Comprehensive statistical analysis was conducted with SPSS 20.0 software. The measurement data that were normally distributed are expressed as mean ± SD. Comparisons before vs. after treatment were performed with the paired t test. One-way analysis of variance was used for comparison between groups. Linear regression analyses were used to assess the relation between the nasal CPAP therapy–induced changes in HOMA-IR, ba-PWV, ABI and other variables. P ≤ 0.05 was considered to be statistically significantly.

Results

All patient characteristics and the results were listed in Table 1.The levels of AHI, BMI, HOMA-IR,TG, chemerin and ba-PWV were higher in patients than those of the healthy individuals(p<0.05).However, the levels of ANGPTL4, asprosin, and ABI were significant lower in patients as compared to healthy individuals (p<0.05). There were no significant differ¬ence in other parameters between patients and healthy individuals.

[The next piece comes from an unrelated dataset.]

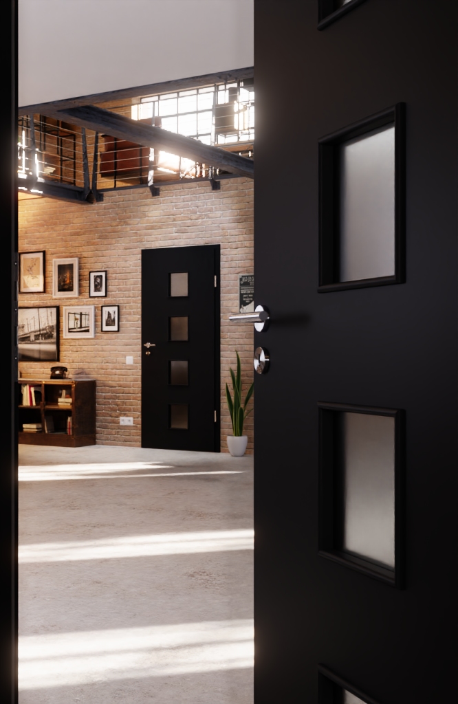 Solidne drzwi do wnętrz mają wykończenie z matowego lakieru i rdzeń z pełnej płyty:

Treatment with nasal CPAP significantly increased the levels of ANGPTL4, asprosin and ABI and decreased the levels of AHI, BMI, HOMA-IR, TG, chemerin and ba-PWV (p < 0.05)(Figures 1, 2 and 3).

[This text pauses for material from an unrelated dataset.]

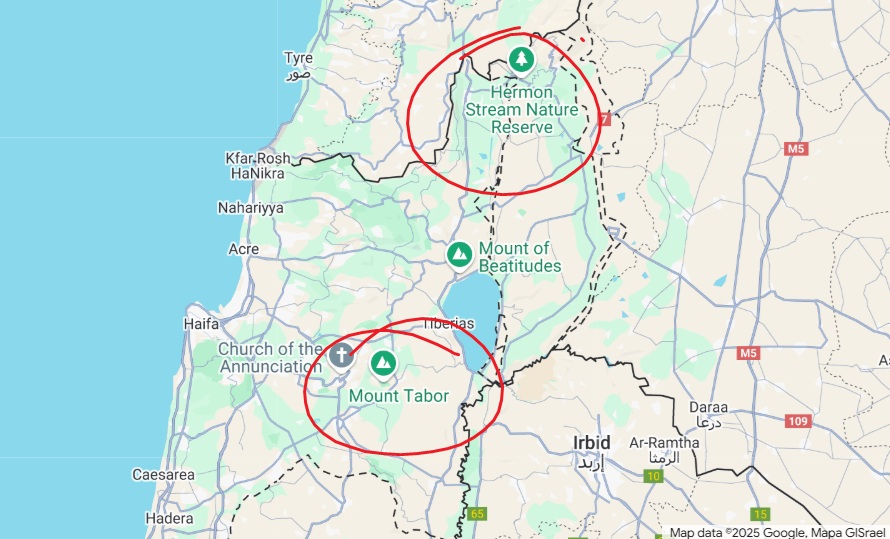 First, where did it happen? Most scholars think it took place either on Mt. Herman or Mt. Tabor. Here is a map to show where those mountains are located in relation to the Sea of Galilee.

Linear correlation coefficients were used to analyze the relationship between changes in HOMA-IR, ba-PWV, ABI and changes in other indices in patients after treatment. The results showed that changes in HOMA-IR, ba-PWV, and ABI were all correlated with changes in asprosin, chemerin and ANGPTL4 (p<0.05).

Discussion

Nasal CPAP treatment represents the most suitable treatment of OSA. In addition, nCPAP improves insulin resistance, and prevents cardiovascular disease in patients with OSA, but the mechanism is not fully understood. Adipokine regulate insulin secretion and insulin sensitivity, and play an important role in the pathogenesis of cardiovascular diseases [4-6]. There are few studies on the effects of nasal CPAP on the plasma levels of asprosin, chemerin and ANGPTL4 in patients with OSA, nor on the relationship among the adipokine above, insulin resistance and endothelial function. Our study for the first time confirmed that nasal CPAP treatment increased plasma ANGPTL4 and asprosin levels in patients with OSA, while plasma chemerin levels were decreased, and that changes in asprosin, chemerin and ANGPTL4 were associated with insulin resistance and endothelial function.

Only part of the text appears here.